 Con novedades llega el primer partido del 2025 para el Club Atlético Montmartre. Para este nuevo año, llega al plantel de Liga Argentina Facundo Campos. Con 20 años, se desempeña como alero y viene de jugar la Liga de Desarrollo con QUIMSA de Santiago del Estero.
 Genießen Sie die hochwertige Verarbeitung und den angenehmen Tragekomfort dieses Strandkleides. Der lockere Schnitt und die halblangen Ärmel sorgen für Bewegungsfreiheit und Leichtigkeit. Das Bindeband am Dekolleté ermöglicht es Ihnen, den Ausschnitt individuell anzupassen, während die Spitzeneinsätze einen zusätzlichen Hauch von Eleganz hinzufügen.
--
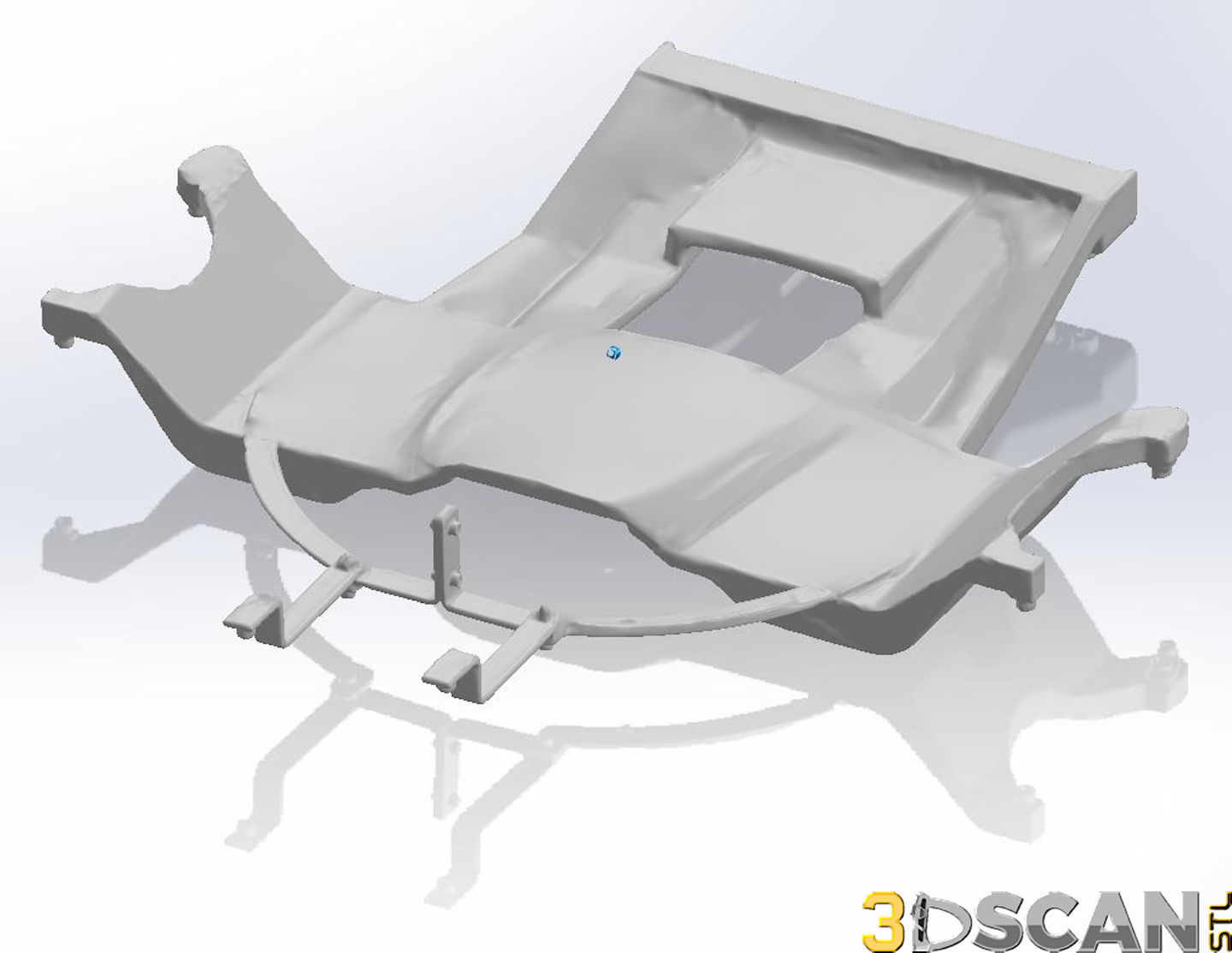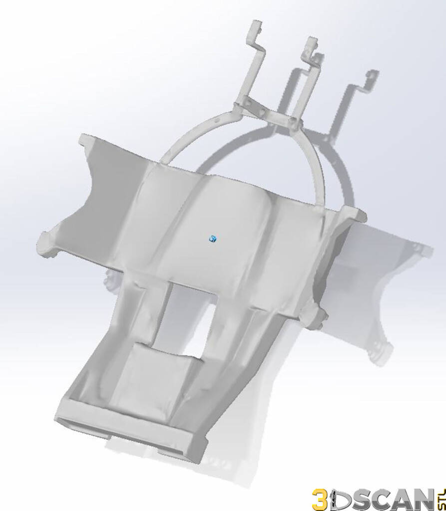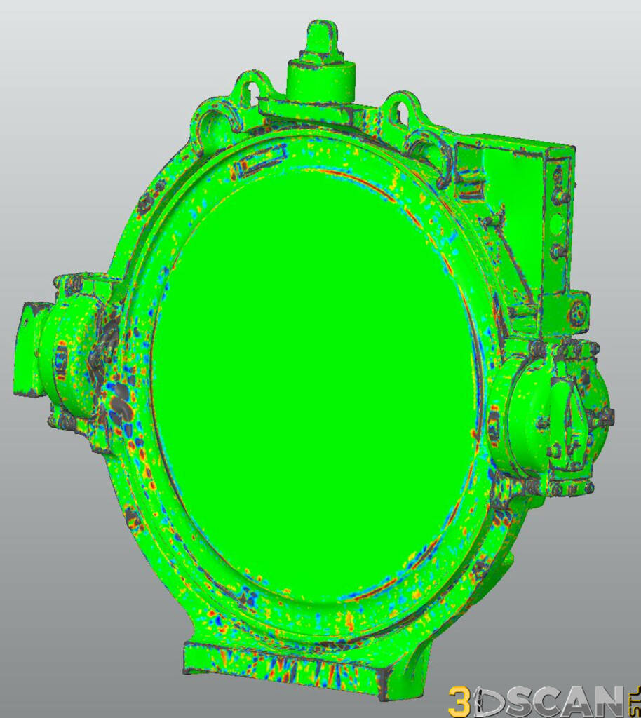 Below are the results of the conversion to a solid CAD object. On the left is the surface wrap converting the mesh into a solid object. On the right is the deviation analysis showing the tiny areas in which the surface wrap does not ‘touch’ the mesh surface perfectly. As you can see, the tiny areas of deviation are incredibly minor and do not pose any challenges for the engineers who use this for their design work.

WHAT TO DO. Copy the records above exactly, beginning at the line that contains "Con novedades llega" and stopping after the line that contains "Genießen Sie die".

WRITTEN SOLUTION.
 Con novedades llega el primer partido del 2025 para el Club Atlético Montmartre. Para este nuevo año, llega al plantel de Liga Argentina Facundo Campos. Con 20 años, se desempeña como alero y viene de jugar la Liga de Desarrollo con QUIMSA de Santiago del Estero.
 Genießen Sie die hochwertige Verarbeitung und den angenehmen Tragekomfort dieses Strandkleides. Der lockere Schnitt und die halblangen Ärmel sorgen für Bewegungsfreiheit und Leichtigkeit. Das Bindeband am Dekolleté ermöglicht es Ihnen, den Ausschnitt individuell anzupassen, während die Spitzeneinsätze einen zusätzlichen Hauch von Eleganz hinzufügen.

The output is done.